▸ **EXERCISE INSTRUCTIONS**
Filter the lines below, copying only those with the string "that".

▸ **INPUT MATERIAL**

--- START ---

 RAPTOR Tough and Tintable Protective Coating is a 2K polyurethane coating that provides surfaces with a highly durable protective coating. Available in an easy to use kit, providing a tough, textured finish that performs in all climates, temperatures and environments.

--- END ---
--- START ---

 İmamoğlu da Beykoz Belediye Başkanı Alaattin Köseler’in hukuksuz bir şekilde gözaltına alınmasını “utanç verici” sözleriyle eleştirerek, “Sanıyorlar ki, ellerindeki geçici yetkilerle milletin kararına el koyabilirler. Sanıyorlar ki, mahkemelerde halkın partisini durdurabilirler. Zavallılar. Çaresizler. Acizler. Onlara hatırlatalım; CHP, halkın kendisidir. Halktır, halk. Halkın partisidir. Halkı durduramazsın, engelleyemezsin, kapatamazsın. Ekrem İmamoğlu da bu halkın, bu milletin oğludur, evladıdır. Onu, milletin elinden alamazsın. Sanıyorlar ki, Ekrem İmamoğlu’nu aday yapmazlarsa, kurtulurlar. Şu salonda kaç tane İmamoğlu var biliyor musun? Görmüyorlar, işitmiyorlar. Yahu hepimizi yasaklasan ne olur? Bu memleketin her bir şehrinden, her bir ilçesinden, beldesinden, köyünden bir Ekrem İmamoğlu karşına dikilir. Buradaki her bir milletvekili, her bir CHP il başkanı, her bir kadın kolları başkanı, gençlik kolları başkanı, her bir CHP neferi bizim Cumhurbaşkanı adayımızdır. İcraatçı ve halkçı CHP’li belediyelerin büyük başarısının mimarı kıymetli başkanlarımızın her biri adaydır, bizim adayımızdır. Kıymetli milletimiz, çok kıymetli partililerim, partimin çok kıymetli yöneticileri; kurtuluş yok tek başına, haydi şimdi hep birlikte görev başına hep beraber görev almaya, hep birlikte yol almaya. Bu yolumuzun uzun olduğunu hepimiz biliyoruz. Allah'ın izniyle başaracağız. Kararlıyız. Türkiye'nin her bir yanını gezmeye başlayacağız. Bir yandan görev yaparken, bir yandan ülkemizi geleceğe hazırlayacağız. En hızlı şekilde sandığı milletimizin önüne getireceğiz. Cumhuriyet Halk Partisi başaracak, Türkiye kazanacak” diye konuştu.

--- END ---
--- START ---

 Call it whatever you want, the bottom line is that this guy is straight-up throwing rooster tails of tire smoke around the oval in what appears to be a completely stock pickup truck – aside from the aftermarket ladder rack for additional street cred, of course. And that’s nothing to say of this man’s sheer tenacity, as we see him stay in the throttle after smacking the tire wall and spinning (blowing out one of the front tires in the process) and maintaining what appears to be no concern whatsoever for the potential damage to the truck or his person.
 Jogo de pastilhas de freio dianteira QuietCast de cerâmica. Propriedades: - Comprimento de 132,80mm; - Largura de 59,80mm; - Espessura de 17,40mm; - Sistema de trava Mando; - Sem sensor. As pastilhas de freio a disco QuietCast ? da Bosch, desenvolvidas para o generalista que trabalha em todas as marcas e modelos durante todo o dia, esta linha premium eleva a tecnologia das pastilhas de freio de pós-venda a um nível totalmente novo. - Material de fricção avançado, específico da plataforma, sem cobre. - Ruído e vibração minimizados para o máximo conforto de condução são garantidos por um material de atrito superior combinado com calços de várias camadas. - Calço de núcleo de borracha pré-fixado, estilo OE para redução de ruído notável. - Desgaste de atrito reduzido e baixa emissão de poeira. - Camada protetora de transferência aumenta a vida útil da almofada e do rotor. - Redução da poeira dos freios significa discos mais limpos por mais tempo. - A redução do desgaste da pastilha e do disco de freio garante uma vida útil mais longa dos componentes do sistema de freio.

--- END ---

▸ **RESPONSE TO THE EXERCISE**
 RAPTOR Tough and Tintable Protective Coating is a 2K polyurethane coating that provides surfaces with a highly durable protective coating. Available in an easy to use kit, providing a tough, textured finish that performs in all climates, temperatures and environments.
 Call it whatever you want, the bottom line is that this guy is straight-up throwing rooster tails of tire smoke around the oval in what appears to be a completely stock pickup truck – aside from the aftermarket ladder rack for additional street cred, of course. And that’s nothing to say of this man’s sheer tenacity, as we see him stay in the throttle after smacking the tire wall and spinning (blowing out one of the front tires in the process) and maintaining what appears to be no concern whatsoever for the potential damage to the truck or his person.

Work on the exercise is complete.